- _Data supplied_:
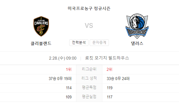 2월 28일 NBA 달라스 매버릭스 VS 클리블랜드 캐벌리어스 경기 예측
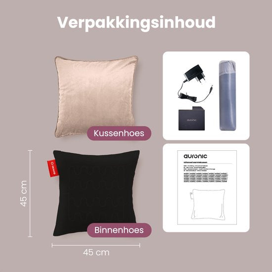 Auronic Heat Pillow - Velours - 45x45 - rechargeable sans fil - oreiller électrique - infrarouge - rose
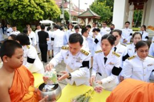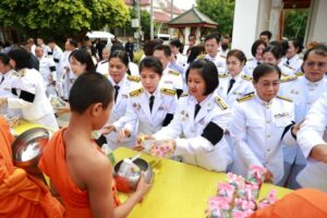ภายในพิธีผู้ว่าราชการจังหวัดพิษณุโลก เป็นประธานในพิธีจุดธูปเทียนบูชาพระรัตนตรัย พระสงฆ์เจริญพระพุทธมนต์ และสวดทักษิณานุปทานเพื่อถวายเป็นพระราชกุศล พร้อมกล่าวน้อมรำลึกในพระมหากรุณาธิคุณที่ทรงมีต่อปวงชนชาวไทย ทั้งในด้านวรรณศิลป์ การปกครอง และการทำนุบำรุงพระพุทธศาสนา ภายหลังเสร็จสิ้นพิธีสงฆ์ ผู้ว่าราชการจังหวัดและนายกเหล่ากาชาด นำผู้เข้าร่วมพิธีร่วมทำบุญตักบาตรถวายพระราชกุศลแด่พระสงฆ์และสามเณรจำนวน 56 รูป อย่างพร้อมเพรียงกัน ทั้งนี้เพื่อเป็นการแสดงออกถึงความกตัญญูกตเวที และน้อมรำลึกถึงพระมหากรุณาธิคุณอันหาที่สุดมิได้ของพระบาทสมเด็จพระพุทธเลิศหล้านภาลัย ที่ทรงประกอบพระราชกรณียกิจนานัปการ อันเป็นคุณูปการต่อประเทศชาติและประชาชนสืบมาจนถึงปัจจุบัน.
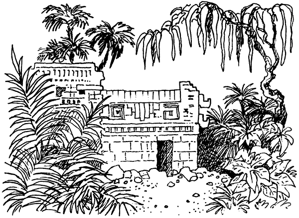 Я вижу себя перенесенным на запад континента. Растительность здесь густая, можно сказать, роскошная, население много культурнее, чем на востоке. Страна более гориста; искусно построенные храмы частью высечены в скалах, их выступающие фасады покоятся на колоннах, украшенных красивой резьбой. Вереницы людей, похожих на священнослужителей, входят и выходят из храмов; на их первосвященнике, или вожде, надета нагрудная пластина, такая же, как и на фигурке, которую я держу в руке. Внутри храмов темно, над алтарем видно изображение большого глаза. Жрецы совершают обряды заклинания перед глазом, причем весь ритуал носит оккультный характер, связанный с системой жертвоприношений, хотя я не вижу жертв — животных или людей.
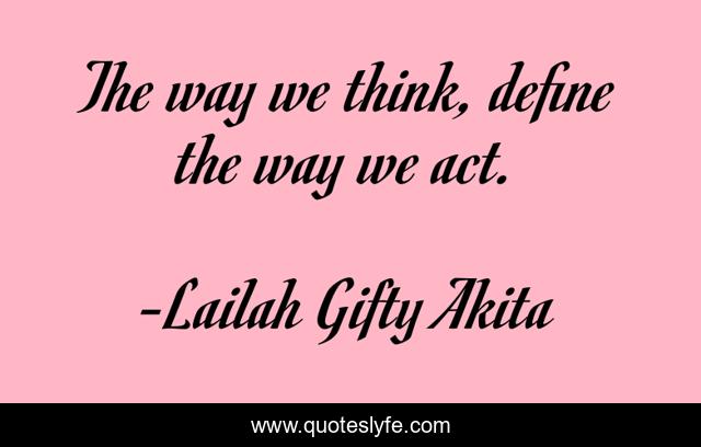 This page presents the quote "The way we think, define the way we act.". Author of this quote is Lailah Gifty Akita. This quote is about thinking, behaviour, attitude, action, positive-thoughts, mind-power,.
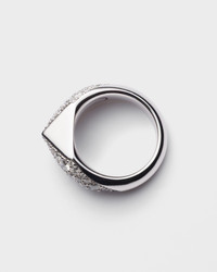 The Eternal Gold Collection establishes a dialogue between archetypal forms and eternal symbols. The iconic geometric shape of the Prada triangle becomes the focal element of this ring in white gold, framed by a diamond pave. Bold, three-dimensional lines create a contemporary and distinctive jewel, an expression of the interplay between innovation and artisanal excellence. - Product code: 1JA178_2CNO_F020I - 750 White Gold (18kt) with diamonds - Laser-cut logo on the inside - See the Size Guide to find your size - Made in Italy - Each step of Prada's responsible gold and diamond production is verified and traceable thanks to Aura Blockchain technology. - Imported MATERIALS Gold 750

- _Task prompt_:
All lines from the start of the entries above through the line containing "ทั้งในด้านวรรณศิลป์ การปกครอง และการทำนุบำรุงพระพุทธศาสนา" must be transcribed exactly, both ends included, and no picture may be copied.

- _Answer area_:
 2월 28일 NBA 달라스 매버릭스 VS 클리블랜드 캐벌리어스 경기 예측
 Auronic Heat Pillow - Velours - 45x45 - rechargeable sans fil - oreiller électrique - infrarouge - rose
ภายในพิธีผู้ว่าราชการจังหวัดพิษณุโลก เป็นประธานในพิธีจุดธูปเทียนบูชาพระรัตนตรัย พระสงฆ์เจริญพระพุทธมนต์ และสวดทักษิณานุปทานเพื่อถวายเป็นพระราชกุศล พร้อมกล่าวน้อมรำลึกในพระมหากรุณาธิคุณที่ทรงมีต่อปวงชนชาวไทย ทั้งในด้านวรรณศิลป์ การปกครอง และการทำนุบำรุงพระพุทธศาสนา ภายหลังเสร็จสิ้นพิธีสงฆ์ ผู้ว่าราชการจังหวัดและนายกเหล่ากาชาด นำผู้เข้าร่วมพิธีร่วมทำบุญตักบาตรถวายพระราชกุศลแด่พระสงฆ์และสามเณรจำนวน 56 รูป อย่างพร้อมเพรียงกัน ทั้งนี้เพื่อเป็นการแสดงออกถึงความกตัญญูกตเวที และน้อมรำลึกถึงพระมหากรุณาธิคุณอันหาที่สุดมิได้ของพระบาทสมเด็จพระพุทธเลิศหล้านภาลัย ที่ทรงประกอบพระราชกรณียกิจนานัปการ อันเป็นคุณูปการต่อประเทศชาติและประชาชนสืบมาจนถึงปัจจุบัน.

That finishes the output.